(Extracted records)
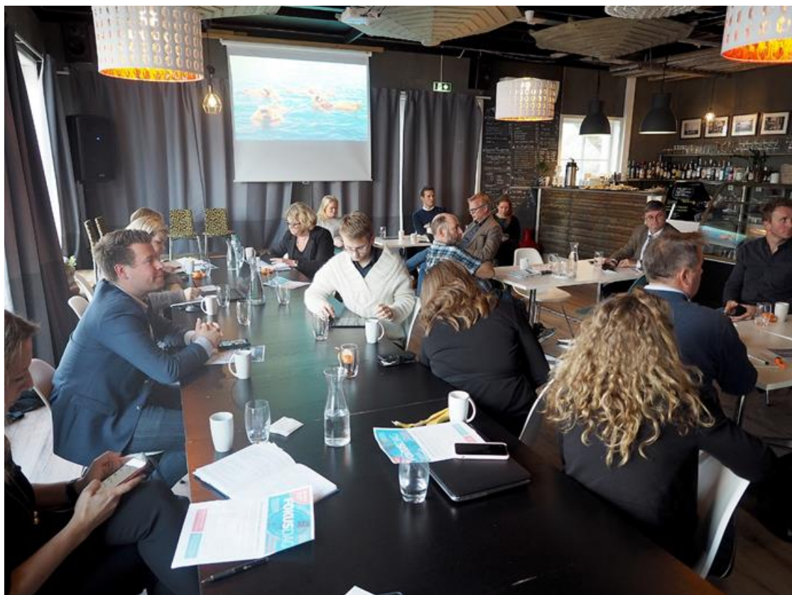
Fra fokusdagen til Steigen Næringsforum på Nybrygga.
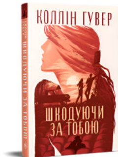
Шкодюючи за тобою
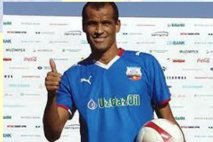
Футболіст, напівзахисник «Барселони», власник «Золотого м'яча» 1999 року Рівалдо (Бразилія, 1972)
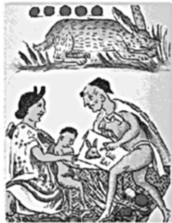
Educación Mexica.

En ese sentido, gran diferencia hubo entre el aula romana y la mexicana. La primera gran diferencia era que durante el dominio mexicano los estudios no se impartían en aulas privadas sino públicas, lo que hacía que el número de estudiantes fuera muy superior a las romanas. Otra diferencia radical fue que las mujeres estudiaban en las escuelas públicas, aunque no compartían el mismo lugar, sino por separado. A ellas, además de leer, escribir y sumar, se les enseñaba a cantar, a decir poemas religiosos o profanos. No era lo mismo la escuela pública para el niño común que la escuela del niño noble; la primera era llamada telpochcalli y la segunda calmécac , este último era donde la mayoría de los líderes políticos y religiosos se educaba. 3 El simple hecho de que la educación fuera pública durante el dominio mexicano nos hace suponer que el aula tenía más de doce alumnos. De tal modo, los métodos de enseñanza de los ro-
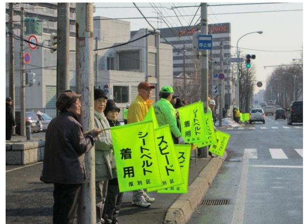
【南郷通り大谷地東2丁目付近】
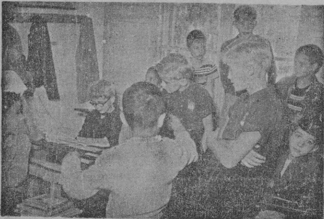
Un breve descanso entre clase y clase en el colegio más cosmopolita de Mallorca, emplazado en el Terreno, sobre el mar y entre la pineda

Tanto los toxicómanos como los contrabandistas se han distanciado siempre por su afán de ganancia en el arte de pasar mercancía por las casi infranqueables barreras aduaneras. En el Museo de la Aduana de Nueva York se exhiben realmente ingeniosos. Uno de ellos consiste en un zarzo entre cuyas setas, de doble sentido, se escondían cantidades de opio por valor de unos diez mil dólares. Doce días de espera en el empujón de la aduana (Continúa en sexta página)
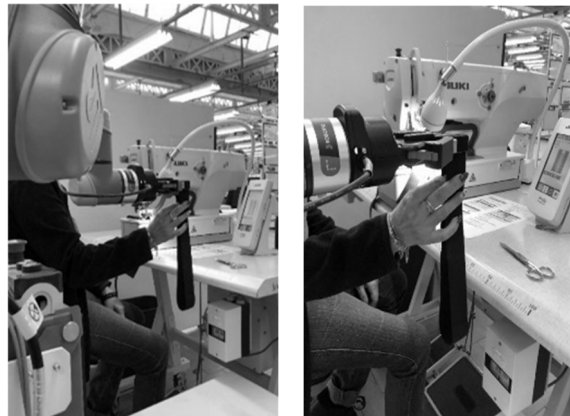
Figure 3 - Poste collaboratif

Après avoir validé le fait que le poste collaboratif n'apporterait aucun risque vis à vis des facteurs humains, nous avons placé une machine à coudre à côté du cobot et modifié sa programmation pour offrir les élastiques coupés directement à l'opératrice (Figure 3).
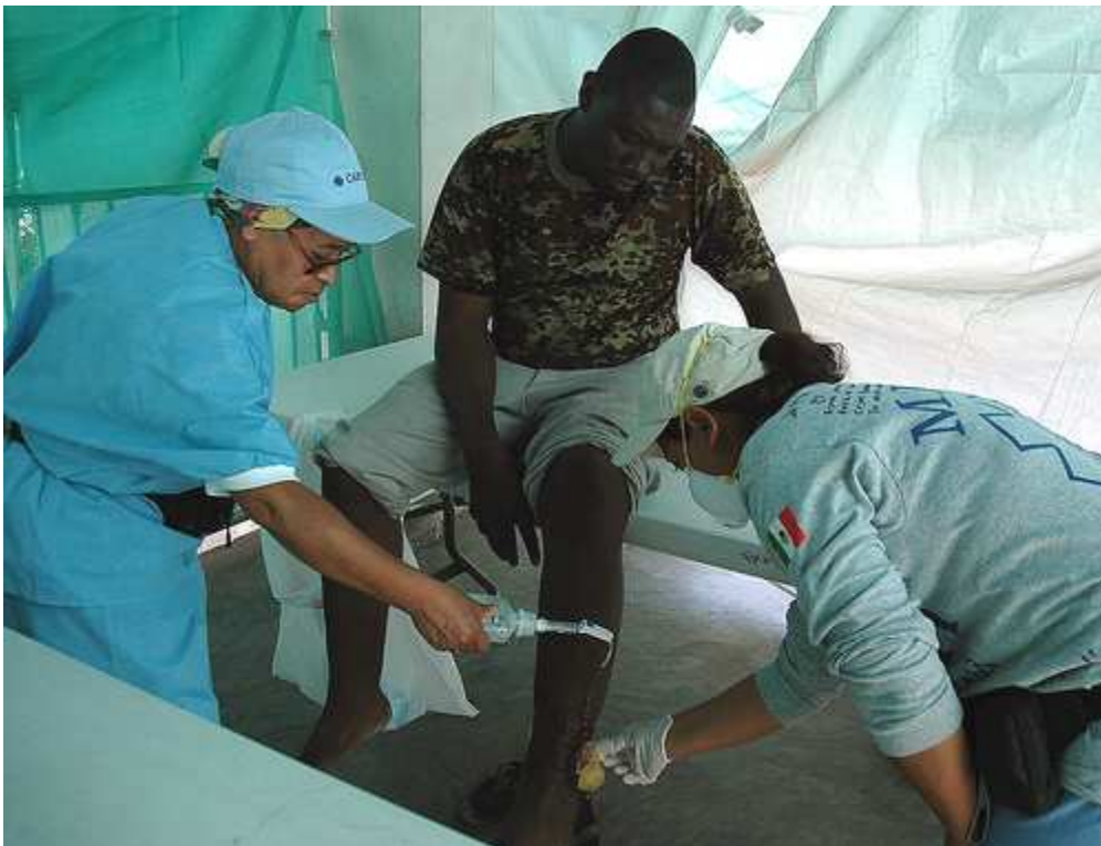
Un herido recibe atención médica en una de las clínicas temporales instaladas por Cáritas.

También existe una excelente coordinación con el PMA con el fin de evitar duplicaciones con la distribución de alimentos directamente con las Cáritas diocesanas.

*WORK TASK*. The reply should hold an exact repeat of the entries from their opening line through the line with "Educación Mexica.", and no pictures at all.

*EXERCISE RESPONSE*.
Fra fokusdagen til Steigen Næringsforum på Nybrygga.
Шкодюючи за тобою
Футболіст, напівзахисник «Барселони», власник «Золотого м'яча» 1999 року Рівалдо (Бразилія, 1972)
Educación Mexica.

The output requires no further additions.